=== Work task ===
Write out the data below exactly as given, without any of its pictures.

=== Source material ===
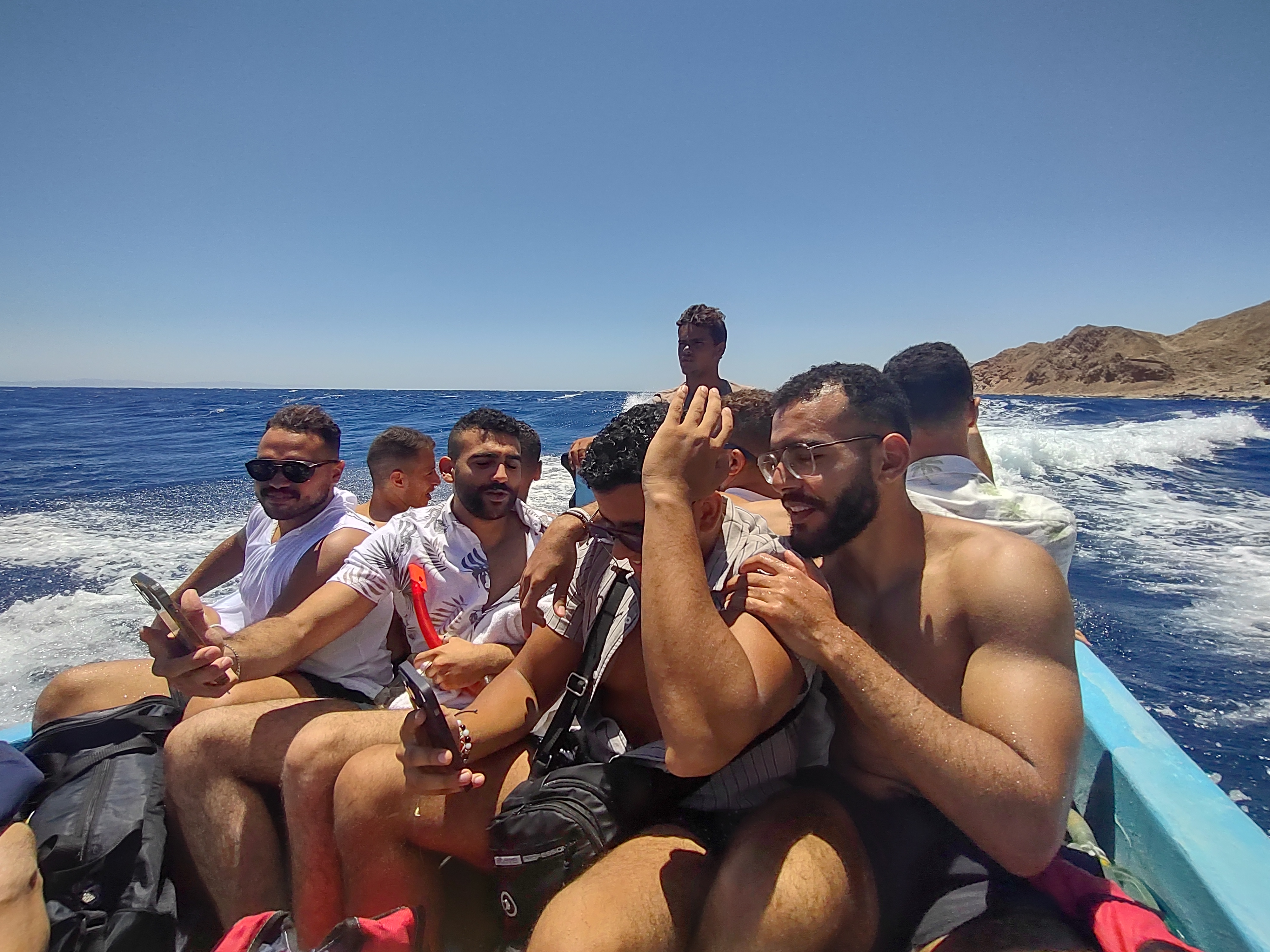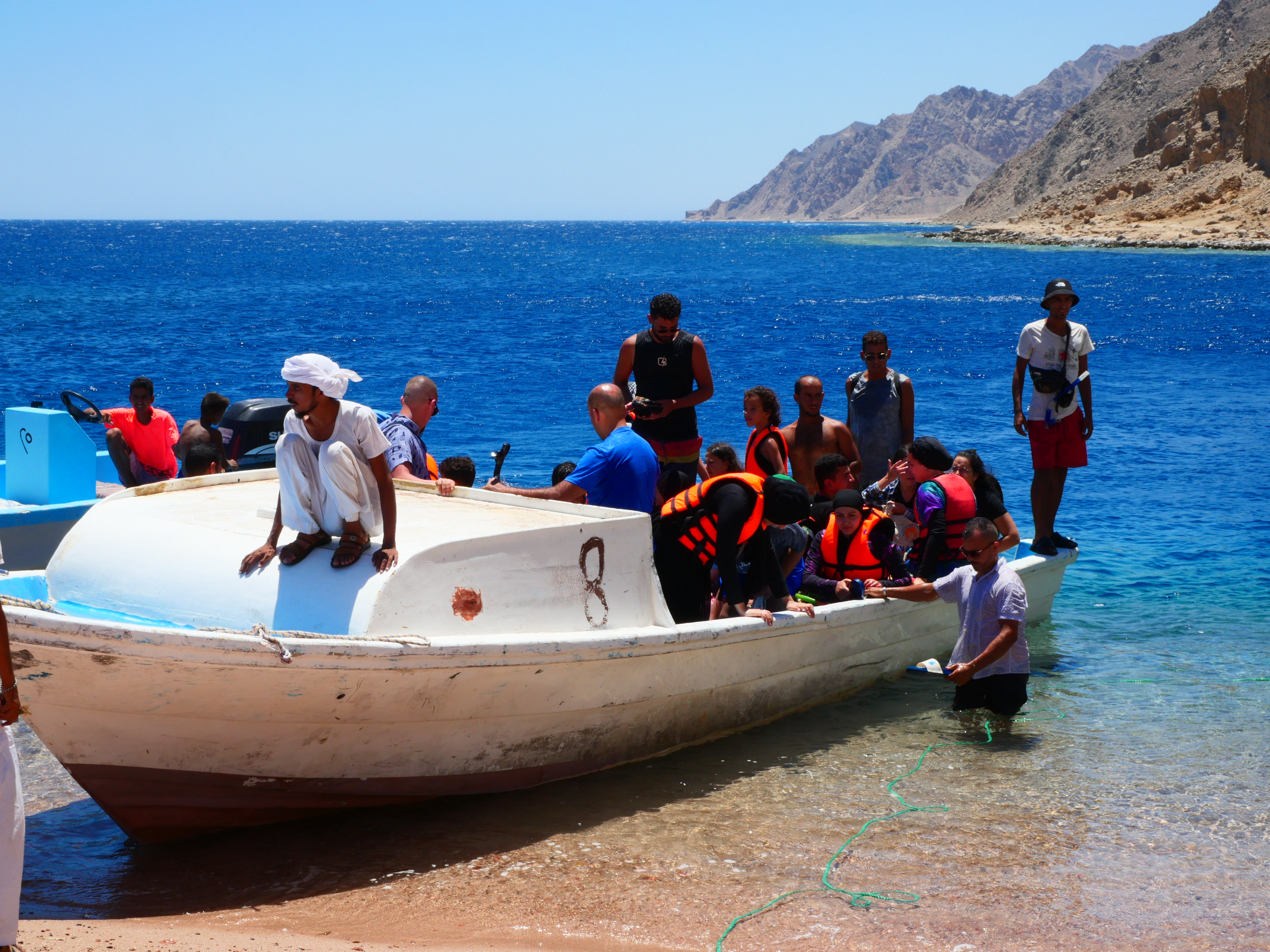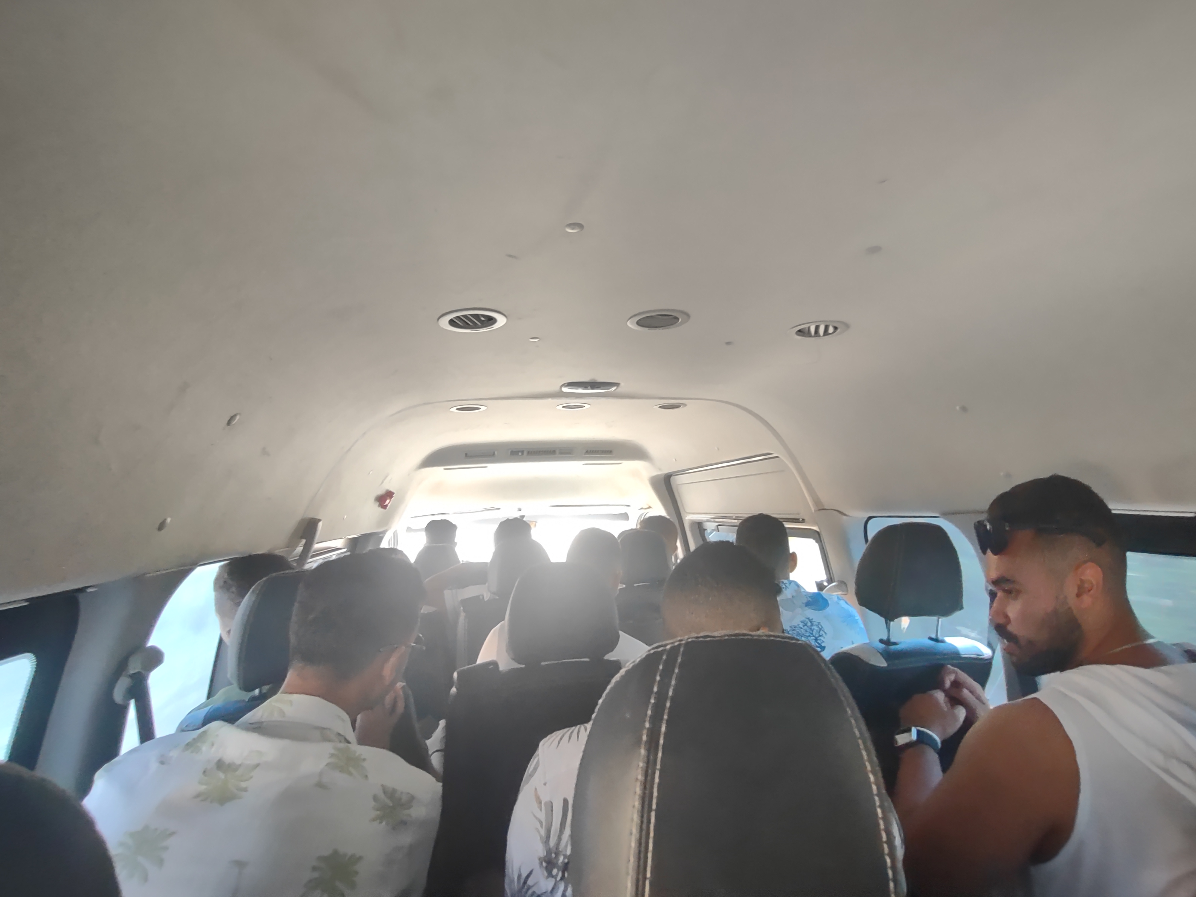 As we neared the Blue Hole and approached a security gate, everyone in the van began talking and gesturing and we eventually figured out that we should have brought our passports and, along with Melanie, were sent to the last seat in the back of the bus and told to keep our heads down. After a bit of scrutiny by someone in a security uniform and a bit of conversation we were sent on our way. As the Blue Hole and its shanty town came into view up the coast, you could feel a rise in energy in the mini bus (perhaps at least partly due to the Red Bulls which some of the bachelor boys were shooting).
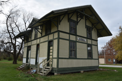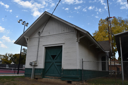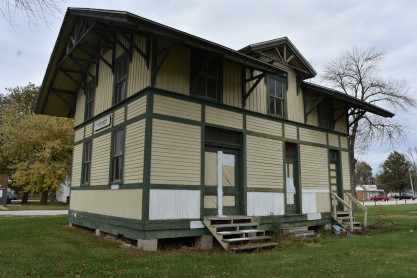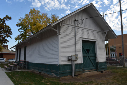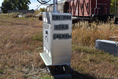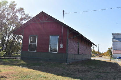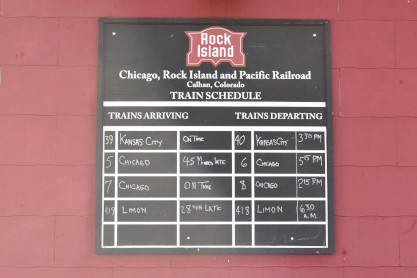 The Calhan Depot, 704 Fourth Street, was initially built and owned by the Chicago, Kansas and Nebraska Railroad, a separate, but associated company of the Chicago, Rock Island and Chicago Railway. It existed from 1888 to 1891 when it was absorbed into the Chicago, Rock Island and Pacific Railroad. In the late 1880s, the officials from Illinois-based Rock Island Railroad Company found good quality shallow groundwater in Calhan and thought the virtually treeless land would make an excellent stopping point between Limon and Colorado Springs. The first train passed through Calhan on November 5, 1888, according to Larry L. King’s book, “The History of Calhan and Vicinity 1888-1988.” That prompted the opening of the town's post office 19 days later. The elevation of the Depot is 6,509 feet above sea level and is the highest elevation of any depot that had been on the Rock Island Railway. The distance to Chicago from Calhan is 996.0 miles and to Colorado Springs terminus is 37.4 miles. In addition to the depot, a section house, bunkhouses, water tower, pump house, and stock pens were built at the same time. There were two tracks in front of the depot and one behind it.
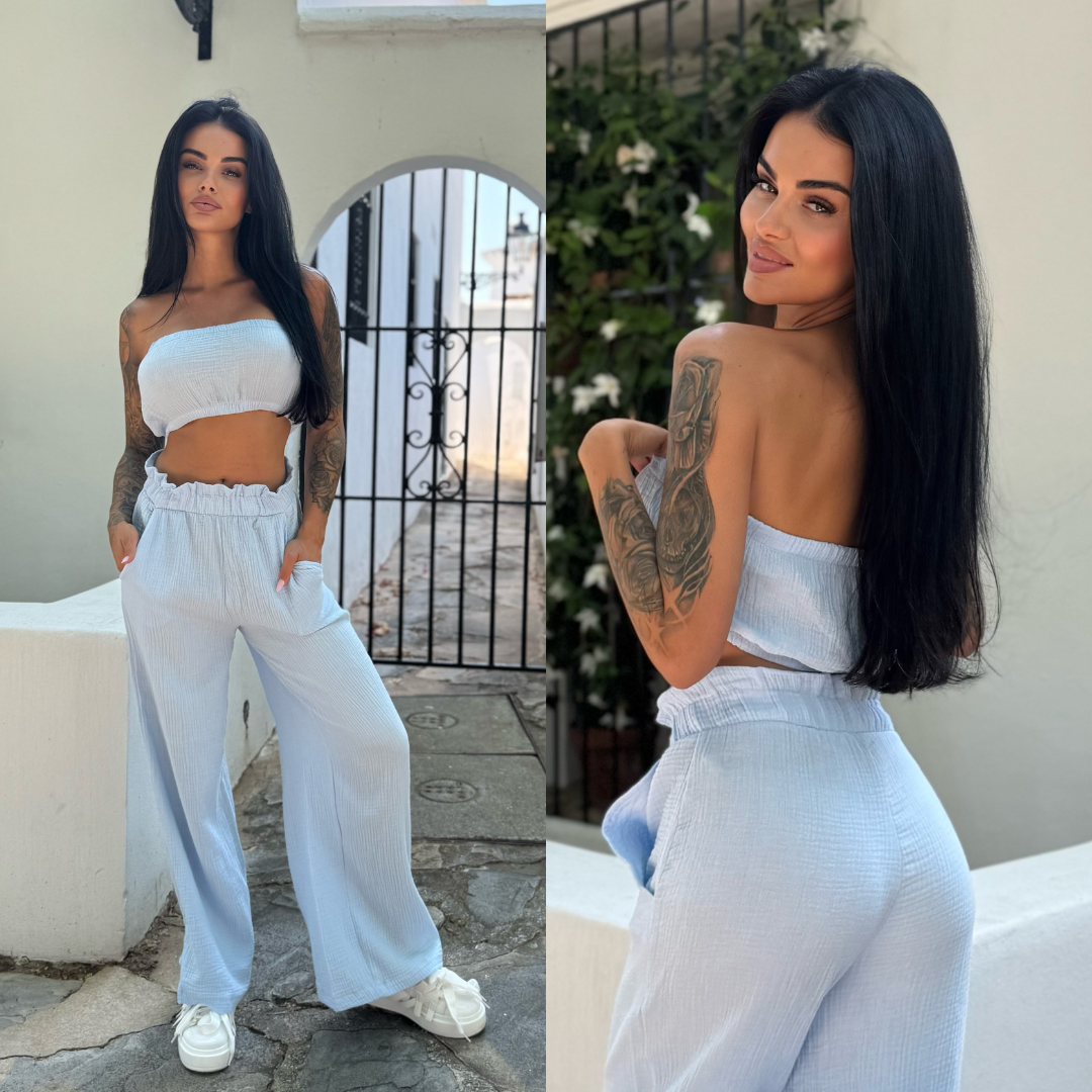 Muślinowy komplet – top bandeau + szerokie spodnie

=== Solution to the exercise ===
 As we neared the Blue Hole and approached a security gate, everyone in the van began talking and gesturing and we eventually figured out that we should have brought our passports and, along with Melanie, were sent to the last seat in the back of the bus and told to keep our heads down. After a bit of scrutiny by someone in a security uniform and a bit of conversation we were sent on our way. As the Blue Hole and its shanty town came into view up the coast, you could feel a rise in energy in the mini bus (perhaps at least partly due to the Red Bulls which some of the bachelor boys were shooting).
 The Calhan Depot, 704 Fourth Street, was initially built and owned by the Chicago, Kansas and Nebraska Railroad, a separate, but associated company of the Chicago, Rock Island and Chicago Railway. It existed from 1888 to 1891 when it was absorbed into the Chicago, Rock Island and Pacific Railroad. In the late 1880s, the officials from Illinois-based Rock Island Railroad Company found good quality shallow groundwater in Calhan and thought the virtually treeless land would make an excellent stopping point between Limon and Colorado Springs. The first train passed through Calhan on November 5, 1888, according to Larry L. King’s book, “The History of Calhan and Vicinity 1888-1988.” That prompted the opening of the town's post office 19 days later. The elevation of the Depot is 6,509 feet above sea level and is the highest elevation of any depot that had been on the Rock Island Railway. The distance to Chicago from Calhan is 996.0 miles and to Colorado Springs terminus is 37.4 miles. In addition to the depot, a section house, bunkhouses, water tower, pump house, and stock pens were built at the same time. There were two tracks in front of the depot and one behind it.
 Muślinowy komplet – top bandeau + szerokie spodnie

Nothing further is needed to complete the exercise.